2. An apparatus for dispensing a potable beverage from a pressurized container, the apparatus comprising:
a gas cylinder containing an inert gas to pressurize the container; tap means, attachable to said container, for providing a discharge flow path for the beverage stored in said container; valve means for opening and closing the discharge flow path; valve control means for operating the valve means, the valve control means including a second cylinder operable by the inert gas; solenoid means for routing the inert gas to said second cylinder; controller means for activating the valve control means including a switch means for energizing and de-energizing the solenoid means; and sensing means within said controller means for first sensing when a receptacle is positioned adjacent the tap means to activate the valve control means for the beverage to be dispensed into the receptacle and for subsequently sensing when the receptacle has been withdrawn to deactivate the valve control means and stop dispensing the beverage.
11. An apparatus attachable to a standard potable beverage dispenser cabinet for the controlled dispensing of a beverage from a pressurized container the container being pressurized from an operatively associated source of inert gas, the apparatus comprising:
a tap, attachable to the pressurized container, including a discharge passage for the beverage contained in the container and a valve normally blocking the passage; valve control means for moving the valve to unlock the passage, the valve control means including an air cylinder to which pressurized gas from the operatively associated gas source is directed for moving the valve; a solenoid for operating the air cylinder; controller means for controlling operation of the valve, the controller means including sensing means for first sensing when a receptacle is positioned adjacent the tap to operate the valve control means and cause beverage to be dispensed into the receptacle and for subsequently sensing when the receptacle is withdrawn to further operate the valve control means to stop dispensing of the beverage; and mounting means for mounting said tap, said valve control means, said solenoid, and said controller means to the dispenser cabinet.

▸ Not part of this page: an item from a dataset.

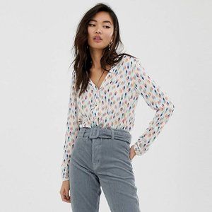 Light shirt. Off-white/ light cream color (almost white), with playful colorful pastel spots from Esprit. Size 4.

1. An apparatus for dispensing a potable beverage stored in a pressurized container, the apparatus comprising:
tap means attachable to the container for providing a discharge flow path for the beverage stored therein, the tap means comprising a tap removably attachable to the beverage container; valve means for opening and closing the discharge flow path, the valve means including a valve normally closing the discharge flow path; a source of pressure including a gas cylinder containing an inert gas; valve control means for operating the valve means, the valve control means utilizing said source of pressure to operate the valve means, the valve control means, when activated, moving the valve to open the path; the valve control means including a second cylinder operable by the inert gas, a solenoid through which the gas is routed to the second cylinder, and controller means for activating the valve control means, the controller means including switch means for energizing and de-energizing the solenoid and sensing means for first sensing when a receptacle is positioned adjacent the tap means to activate the valve control means for beverage to be dispensed into the receptacle and for subsequently sensing when the receptacle has been withdrawn to deactivate the valve control means and stop dispensing of the beverage.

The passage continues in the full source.